- [Directions]:
Print the lines from the one containing "- Giặt con lăn" through the end of the material below, both included, exactly as they appear and without pictures.
——
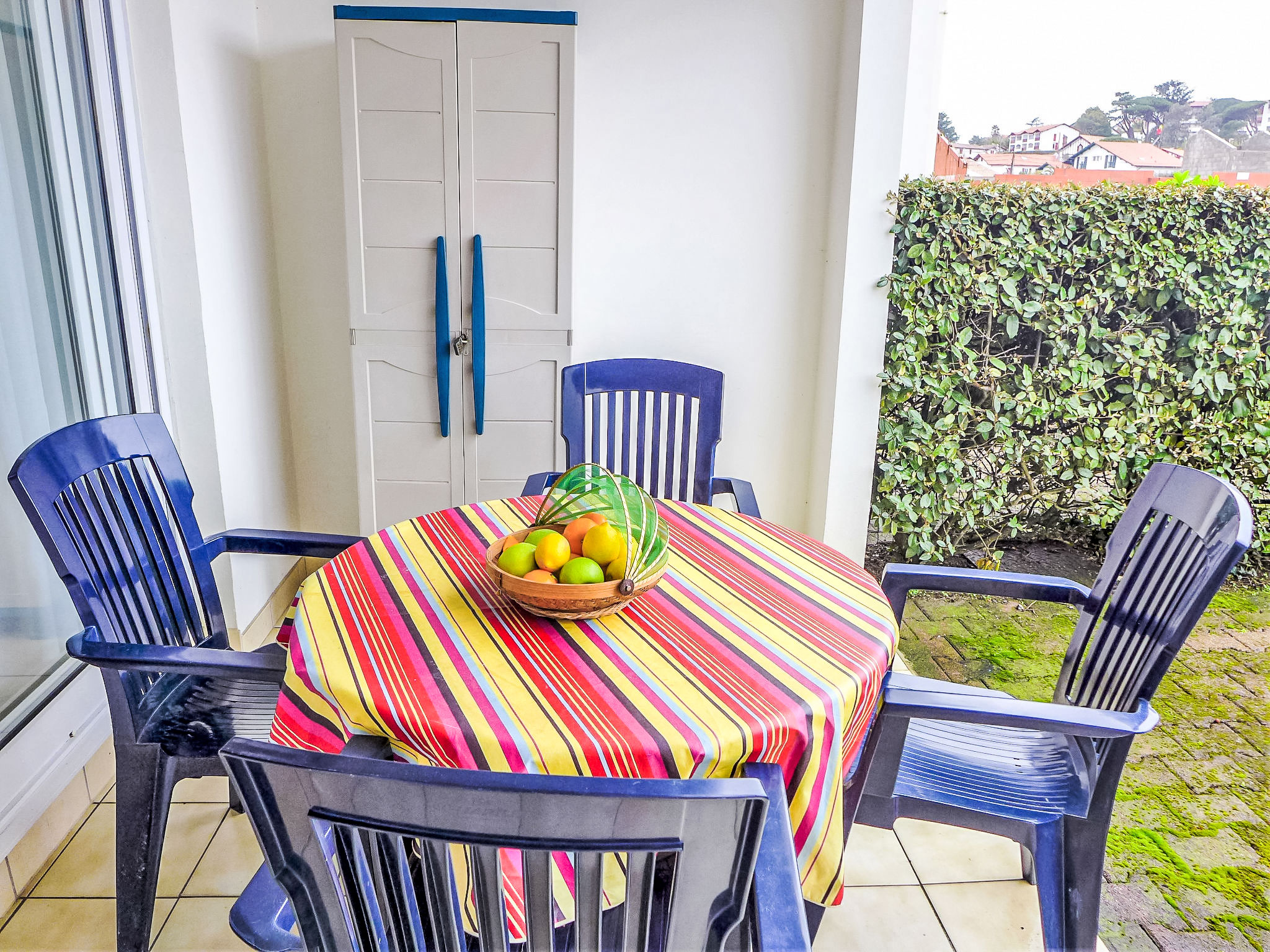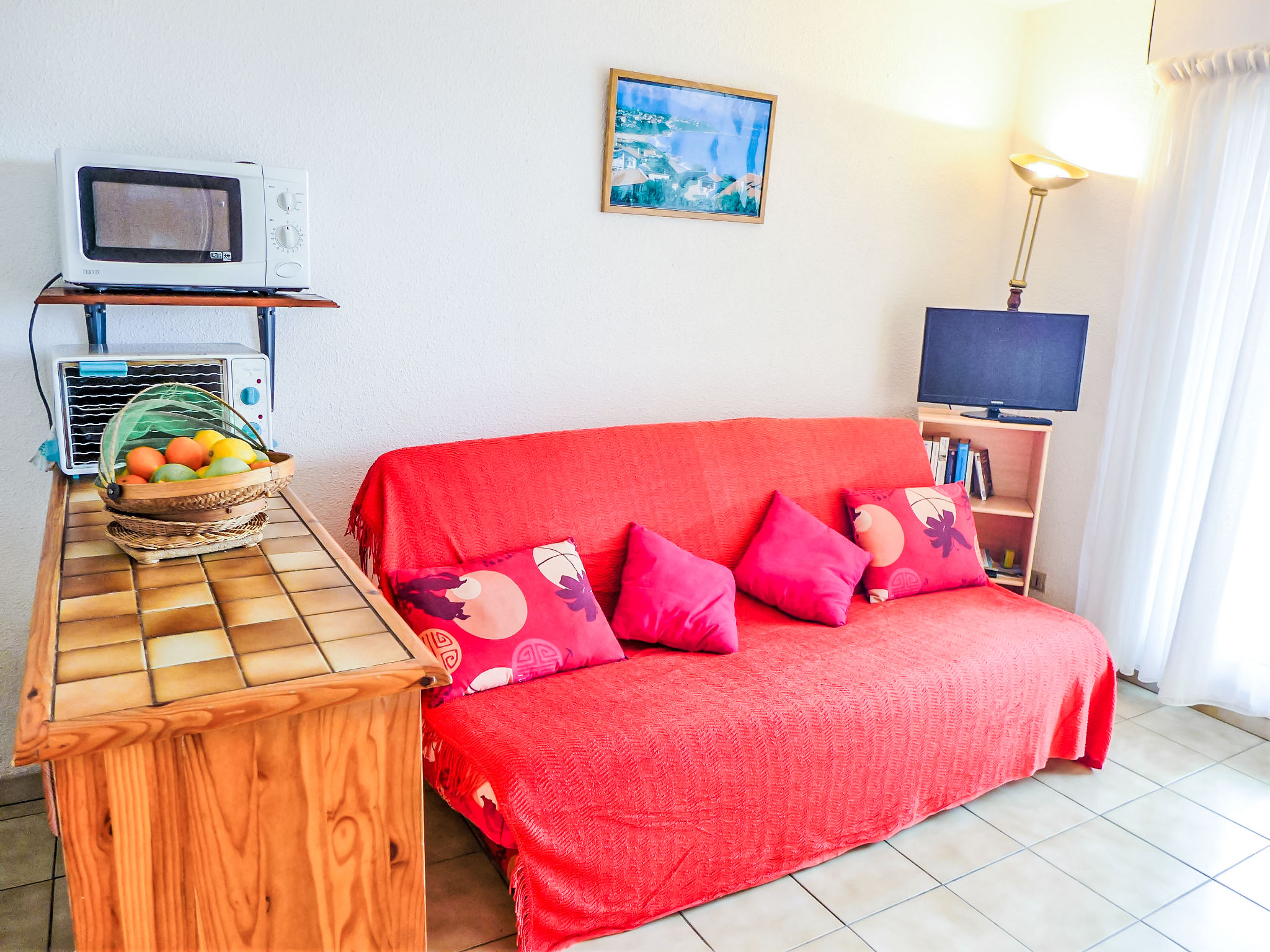1-Zimmer-Wohnung 29 m2, im Erdgeschoss. Einfach und schön eingerichtet: Wohn-/Esszimmer mit 1 Wandklappbett (140 cm, Länge 190 cm), TV (Flachbildschirm). Ausgang zur Terrasse. Kabine mit 1 x 2 Etagenbetten (90 cm, Länge 190 cm). Offene Küche (Mini-Backofen, 2 Glaskeramikherd Platten, Mikrowelle, elektrische Kaffeemaschine). Dusche, sep. WC. E-Heizung. Terrasse 8 m2, Westlage, Gartensitzplatz 25 m2. Terrassenmöbel. Zur Verfügung: Waschmaschine, Bügeleisen, Haartrockner. Parkplatz Nr. 125. Inserat einer Privatperson nach Artikel 155, IV, CGI. 641250005327D
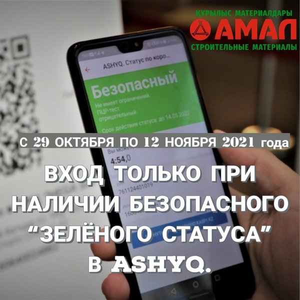 Уважаемые наши покупатели! Согласно новому постановлению #24 об ограничительных карантинных мерах на территории Павлодарской области:С 29 октября по 12 ноября 2021 года работа всех объектов по режиму красной зоны, участвующих в проекте Ashyq возможна при наличии «зелёного статуса» у сотрудников и посетителей. Это значит что вход в наш магазин только при наличии безопасного «зелёного статуса» в Ashyq. Это официальное постановление, условие которого мы соблюдаем! Очень надеемся на ваше понимание!
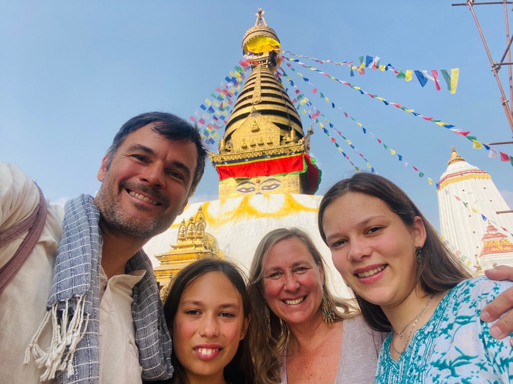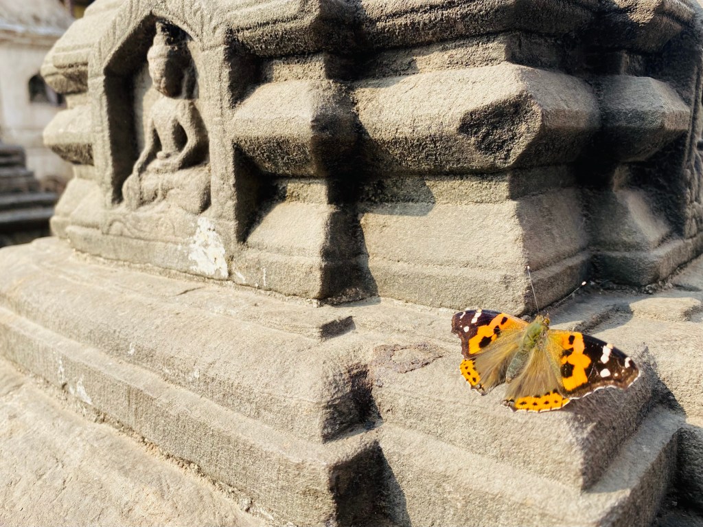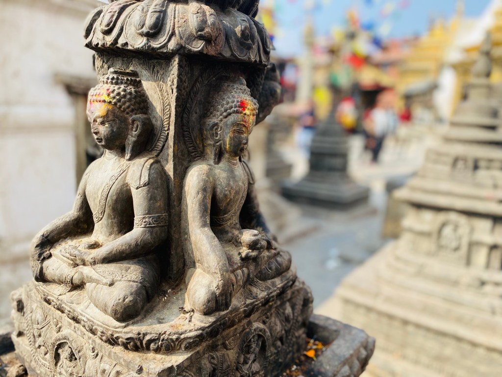 Screech, hoooonk, honk…we are slowly making our way through the bustling streets of Kathmandu in a cramped taxi. The traffic in this city is very extreme. The streets are filled with vendors, motorcycles, people, buses, dogs, trucks and cars all going somewhere. I am looking out the window and excited to arrive at Swayambunath Stupa.
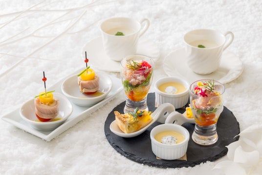 また、クリーミーでカリフラワーの甘みを感じる「カリフラワーのスープ」をはじめ、つるりとした食感も楽しい「蕪のフラン」、さっぱりとしてお口直しにもぴったりな「生ハムと紅芯大根のサラダ仕立て」など、セイボリーも丁寧に仕上げました。
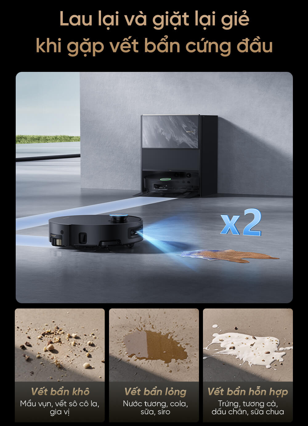 - Giặt con lăn bằng nước nóng 100°C - Sấy khô bằng khí nóng: Có (50°C) - Phát hiện vết bẩn/Giặt lại giẻ và lau lại sàn: Có (đa quang phổ) - Khay giặt tự làm sạch: Có (Khay giặt AceClean - Tự động thêm nước lau sàn - Tự động thêm nước vào bình chứa robot - Hút rác tự động lên túi chứa bụi - Dung tích bình nước sạch/bẩn: 4,5L/4L |
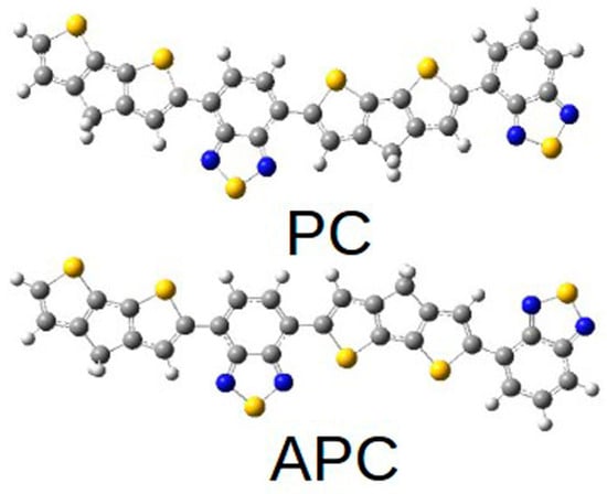 In addition, the orientation of two adjacent repeated moieties results in two configurations: parallel configuration (PC) and anti-parallel configuration (APC). For example, the dimer has two different configurations: PC and APC (Scheme 2). For all CPDTBTN (N = 2–6), we consider two isomers where the relative configurations of adjacent moieties are all PC or APC.
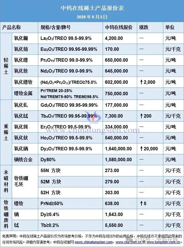 2025年9月2日稀土市场行情
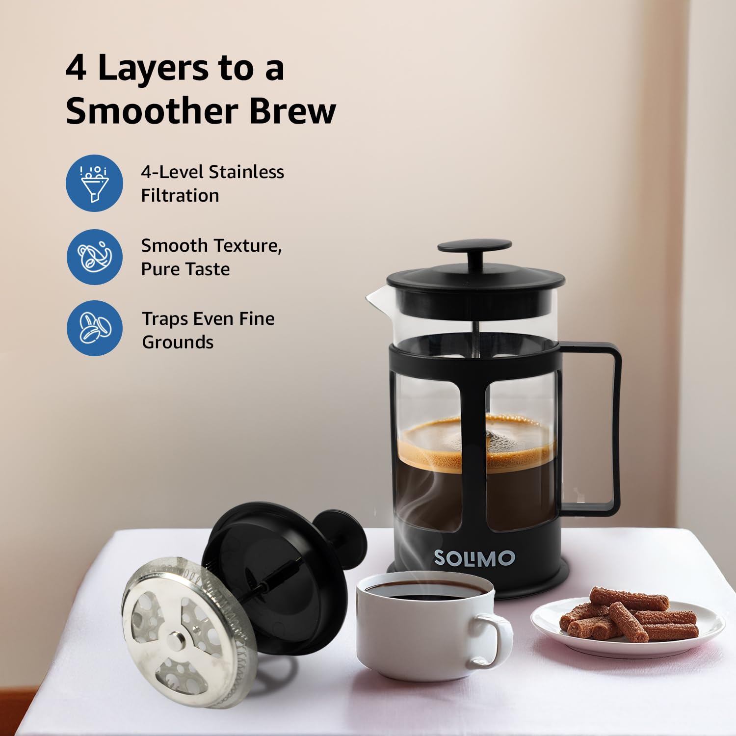 - Advanced 4-Level Filtration: Enjoy a smooth, ground-free brew thanks to the four-level filtration system, which includes a stainless steel mesh filter and plunger for a clean and flavorful result.
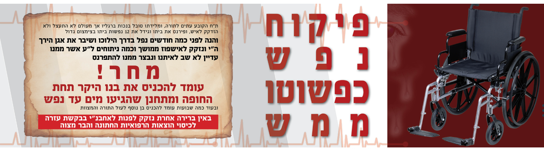 בימים אלו הגורל תלוי בידינו 'להעמידו על רגליו' כי זה פיקוח נפש ממש
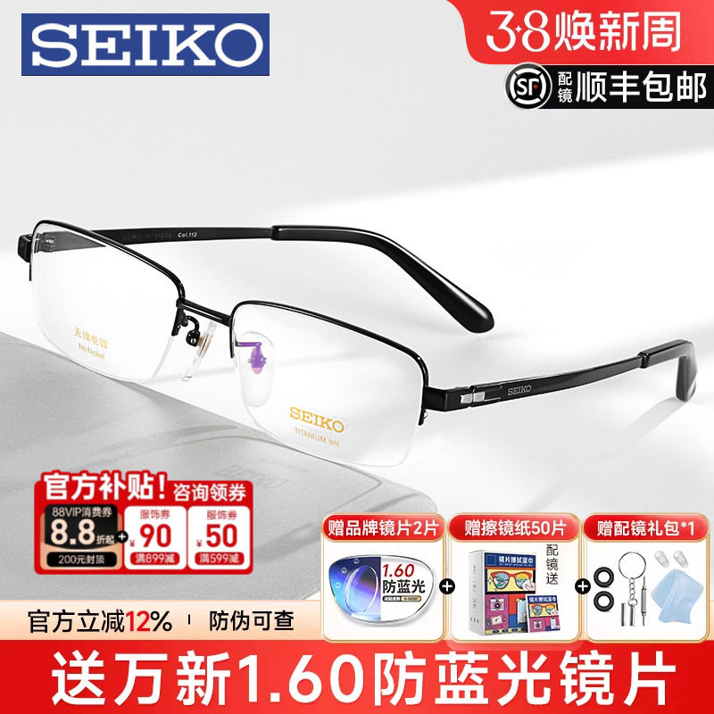 Seiko精工眼镜框男款近视钛架商务半框方圆脸可配度数女HT01077
——
- [Worked solution]:
 - Giặt con lăn bằng nước nóng 100°C - Sấy khô bằng khí nóng: Có (50°C) - Phát hiện vết bẩn/Giặt lại giẻ và lau lại sàn: Có (đa quang phổ) - Khay giặt tự làm sạch: Có (Khay giặt AceClean - Tự động thêm nước lau sàn - Tự động thêm nước vào bình chứa robot - Hút rác tự động lên túi chứa bụi - Dung tích bình nước sạch/bẩn: 4,5L/4L |
 In addition, the orientation of two adjacent repeated moieties results in two configurations: parallel configuration (PC) and anti-parallel configuration (APC). For example, the dimer has two different configurations: PC and APC (Scheme 2). For all CPDTBTN (N = 2–6), we consider two isomers where the relative configurations of adjacent moieties are all PC or APC.
 2025年9月2日稀土市场行情
 - Advanced 4-Level Filtration: Enjoy a smooth, ground-free brew thanks to the four-level filtration system, which includes a stainless steel mesh filter and plunger for a clean and flavorful result.
 בימים אלו הגורל תלוי בידינו 'להעמידו על רגליו' כי זה פיקוח נפש ממש
 Seiko精工眼镜框男款近视钛架商务半框方圆脸可配度数女HT01077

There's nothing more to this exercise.